Senate debates

Wednesday, 17 June 2009

Fair Work (State Referral and Consequential and Other Amendments) Bill 2009; Fair Work (Transitional Provisions and Consequential Amendments) Bill 2009

In Committee

11:39 am

Photo of Eric AbetzEric Abetz (Tasmania, Liberal Party, Deputy Leader of the Opposition in the Senate) Share this | Hansard source

With great respect: I do not know if the minister was reading from briefing notes, but I would invite him to listen to what was actually said and have a look at exactly what the amendment is. To suggest that this would entrench state awards for five years is completely fallacious. It is wrong. I said in my introductory comments in support of the amendment that it would be up to the AIRC to phase out—and I even gave the example of the mining sector, which might not even want any transition period—but that there should be flexibility. So to say that this would be entrenching it for five years is patently wrong. I do not know where the minister got that idea from.

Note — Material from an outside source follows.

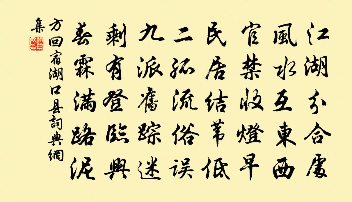 詩詞名句歷史字典書法欣賞書法字典國語詞典說文解字康熙字典古漢語字典標 題 作 者 詩 句 宿湖口縣作者:方回 朝代:宋代宿湖口縣原文江湖分合處,風水互東西。官禁收燈早,民居結葦低。二孤流俗誤,九派舊蹤迷。剩有登臨興,春霖滿路泥。詩詞問答問:宿湖口縣的作者是誰?答:方回問:宿湖口縣寫於哪個朝代?答:宋代方回宿湖口縣書法欣賞宿湖口縣書法作品詩詞推薦題金山真德秀〔宋代〕江來朱方注之東,海潮怒飛相撞舂。天將古來義士骨,化作中央屹立之。孤根直下二千尺,動影裊窕沖融中。黃金偈頌二十三首釋雲岫〔宋代〕一句子,玄中玄,妙中妙。寒暑不相干,陰陽不相到,必意如何通耗。鷺鶯立雪非同色,明月蘆花不似他。貧甚戲作絕句陸游〔宋代〕讀書但覺慚輪扁,補吏非能去箭張。白髮歸為林下叟,固應飢下饜糟糠。上古之什補亡訓傳十三章持斧一章顧況〔唐代〕(持斧,啟戎士也。戎士伐松柏為蒸薪。孝子徘徊而作是詩。)持斧持斧,無剪我松柏兮。次韻虛谷和長兒奉別陳著〔宋代〕有便勤相問,何時得近依。詩搜腸藿瘦,字為眼花肥。雲遠心猶遠,春歸人未歸。羨君牢閉戶,珍重白山衣。酬於訢校書見貽朱慶餘〔唐代〕能□得從軍,清嬴□□□。綺羅徒滿目,山水不離心。暫別愁花老,相思倚竹陰。家貧無以養,未可話抽簪。錢侍郎使君以題廬山草堂詩見寄因酬之白居易〔唐代〕殷勤江郡守,悵望掖垣郎。慚見新瓊什,思歸舊草堂。事隨心未得,名與道相妨。若不休官去,人間到老忙。草木雜詠五首櫞宋祁〔宋代〕紺實紛累累,柔柯緩若若。葉以代新陳,花仍開續落。擬古雜言黃庭堅〔宋代〕雁雁隨春風,過鄉縣。煙雨昏,行不亂。同安樂,共憂患。雲重重,不相見。日昳晡,下平湖。十十五五依黃蘆,慧慶寺玉蘭記戴名世〔清代〕 慧慶寺距閶門四五里而遙,地僻而鮮居人,其西南及北,皆為平野。歲癸未、甲申間,秀水朱竹垞先生賃僧房夏日過青龍寺謁操禪師(與裴迪同作)王維〔唐代〕龍鍾一老翁,徐步謁禪宮。欲問義心義,遙知空病空。山河天眼裡,世界法身中。莫怪銷炎熱,能生大地風。送劉叔有還古鼎方回〔宋代〕題詩曾到古桃川,回首驚嗟四十年。畫省郎官領賓客,白須道士似神仙。合城園解江流沸,鄂渚兵豗廣徼穿。此處紅梅二首白玉蟾〔宋代〕玉妃初醉下瑤台,紫霧深深撥不開。卻恐錯穿桃杏徑,高燒銀燭照歸來。三河道中王暉〔宋代〕路入龍游不見山,縱橫阡陌瀔江邊。穿籬殘筍如攢槊,夾道寒花似火熱。再次韻菊花譜系四首項安世〔宋代〕若使荊公作譜,卻須派出東夷。補落伽山傅種,閻浮檀水成肌。蔣帝廟二首馬之純〔宋代〕一尉為官亦已輕,後來封爵一何榮。骨青相貌由來異,羽白威神儼似生。嘗遣陰兵隨義旅,不從私鑄長奸萌。自當和梅公儀新繁縣顯曜院王益〔宋代〕梵宇蕭條白日長,苦空譚塵接藤床。雲章酷愛休詩麗,蓮柄慵思遠社香。石發雨梳雞苑寂,風梭春織鷲山涼。劫灰嶺雲梅堯臣〔宋代〕片雨過青天,山雲歸絕嶺。林際隱微虹,溪中落行影。還看隴首飛,復愛山間靜。陪張丞相登嵩陽樓孟浩然〔唐代〕獨步人何在?嵩陽有故樓。歲寒問耆舊,行縣擁諸侯。林莽北彌望,沮漳東會流。客中遇知己,無復越鄉憂。桂湖五首曾國藩〔清代〕十里荷花海,我來吁已遲。小橋通野港,壞艇臥西陂。曲岸能藏鷺,盤渦尚戲龜。傾城游女盛,好是採蓮時。名句推薦滿月飛明鏡,歸心折大刀。杜甫《八月十五夜月二首》 去年花里逢君別,今日花開已一年。韋應物《寄李儋元錫》 屈盤戲白馬,大笑上青山。李白《登敬亭北二小山余時送客逢崔侍御並登此地》 江燕話歸成曉別,水花紅減似春休。西風梧井葉先愁。吳文英《浣溪沙·秋情》 離一切諸相則名諸佛。鳩摩羅什譯《金剛經·離相寂滅》 五原秋草綠,胡馬一何驕。李白《塞上曲》 最是繁絲搖落後,轉教人憶春山。納蘭性德《臨江仙·寒柳》 凡庸之性,後夫多寵前夫之孤,後妻必虐前妻之子。顏之推《顏氏家訓·後娶篇》 憑觴靜憶去年秋,桐落故溪頭。晏幾道《訴衷情·憑觴靜憶去年秋》 仁者愛萬物而智者備禍於未形,不仁不智,何以為國?司馬遷《史記·趙世家》

Further, to suggest that we would be pulling the rug out from under the AIRC—I think that was the term used by the minister—is also patently wrong. I said in my comments—and the amendment will bear it out—that the AIRC may phase out state based differences over any period it sees fit, with the default period being five years. In other words, the AIRC would be empowered. That is hardly pulling the rug out from underneath it. So the two reasons the minister tried to give in opposing this amendment have fallen flat. Undoubtedly he will come up with another reason, because the idea of flexibility is something that Labor clearly have an ideological difficulty with.

Given the propensity of the minister to quote, I quote the Australian Chamber of Commerce and Industry, who said on 11 June:

The Government’s award modernisation process should not come at the expense of increasing employers’ costs or introducing new or additional inflexibilities. If it does, the Government should have no hesitation in directing the tribunal to have another go.

It would be a perverse outcome that employers, when faced with the alternatives, may prefer the former array of “outdated” awards.

The government’s ham-fisted approach in relation to this transition bill is unfortunately going very much to a scenario where employers will say that the outdated or ‘horse and buggy’ era of awards that the minister referred to may well be preferred to that which the Labor Party, with their usual spin, are now describing as award modernisation.